The full name of this compound is longer, and the Chinese name is N- (2- (diethylamino) ethyl) -5 - (Z) - (5-fluoro-1,2-dihydro-2-oxo-3H-indole-3-subunit) methyl) -2,4-dimethyl-1H-pyrrole-3-formamide. However, at present, the market prospect of this substance seems to be hidden in the clouds, and it is still difficult to gain clear insight.
This substance may have potential opportunities in the field of pharmaceutical research and development. In the prevention and treatment of tumor diseases, many pyrrole and indole derivatives with specific structures often exhibit anti-tumor activities. If this compound also has such efficacy, through rigorous and systematic pharmacological research and clinical trials, it may become a new type of anti-cancer drug, which may be a major market opportunity.
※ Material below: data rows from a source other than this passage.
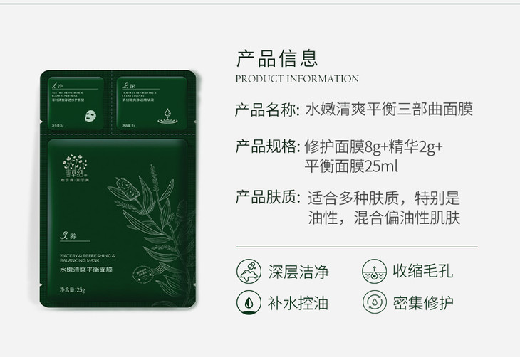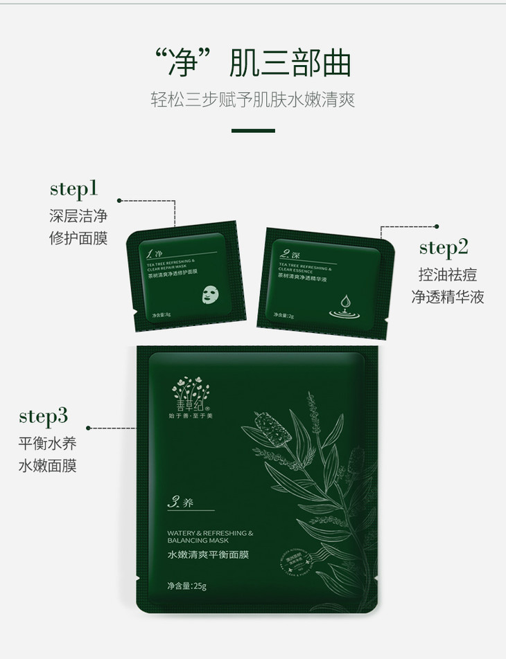【双旦礼遇季】善草纪茶树三代控油水乳+2.0茶树三部曲面膜1盒 祛痘保湿舒缓油皮油痘肌精油
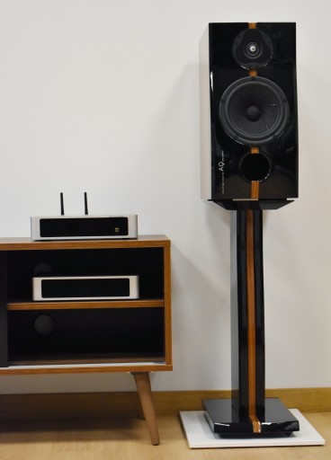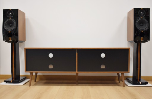 Szafka wyposażona w przesuwana drzwi, które przesuwają się po specjalnych szynach, dzięki temu otwierają i zamykają się się lekko i bezszelestnie. Wnętrze szafki zostało podzielone na dwie równe półki o szerokości 68 cm i głębokości 33 cm. Każda z nich dzielona jest półką na wysokość 14,5 cm, z możliwością regulacji wysokości w zakresie +/- 3 cm. W celu zwiększenie powierzchni użytkowej półkę można całkowicie zdemontować. Szafka wyposażona system zarządzania kablami, w jej tylnej części oraz pomiędzy półkami wykonane zostały wloty na kable, które umożliwiają nam swobodne przekładanie kabli połączeniowych pomiędzy urządzeniami av. W środkowej części blatu wykonane zostało wycięcie do przeprowadzenia kabli telewizora, dzięki któremu szafkę możemy całkowicie dosunąć do ściany.
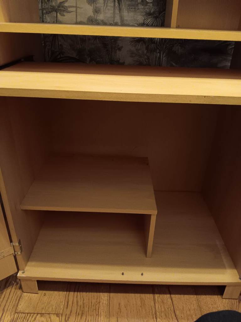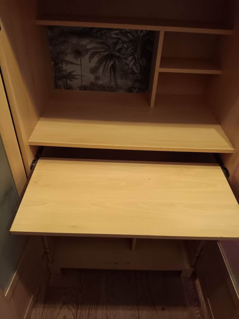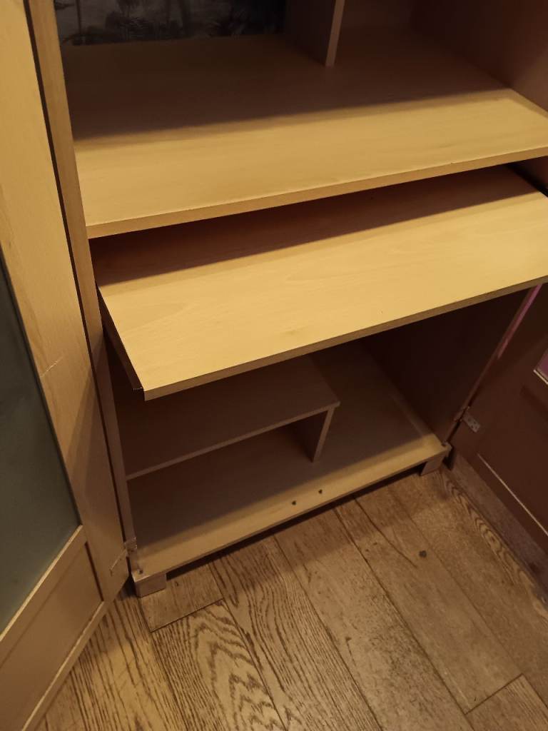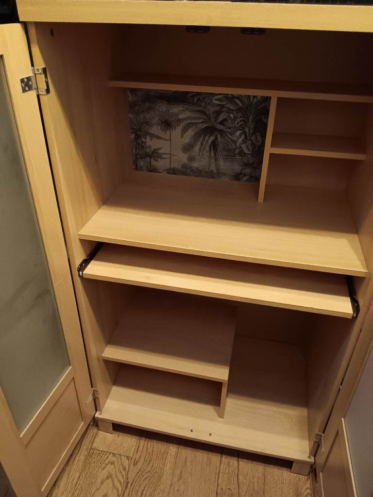 Pine computer cabinet with glass doors.
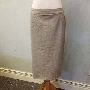 Banana Republic wool skirt with a faux leather detailed pockets shown in pic2, has a slit in the front. 53% wool 42% polyester 5& other fabrics. Lining is 100% acetate in perfect condition like new

However, it also faces many challenges. First, the road of drug development is long and full of thorns, requiring massive investment of manpower, material resources and time. From basic research to clinical application, it must undergo many rigorous tests to prove its safety and effectiveness. Second, the market competition is very fierce. In the field of medicine, anti-cancer drug research and development is a hot direction, and many pharmaceutical companies and scientific research institutions are involved in it. If you want to stand out, it is not easy. Third, after the drug is approved for marketing, marketing activities are also key. It is necessary to overcome many obstacles such as medical insurance policies, doctor recognition, and patient acceptance.
In summary, although N - (2 - (diethylamino) ethyl) -5 - ((Z) - (5 - fluoro-1,2 - dihydro-2 - oxo-3H - indole-3 - subunit) methyl) -2,4 - dimethyl-1H - pyrrole-3 - formamide has potential value in the field of medicine, its market prospect is still in a confusing state due to many factors, and it needs to be continuously explored and developed by scientific research and industry.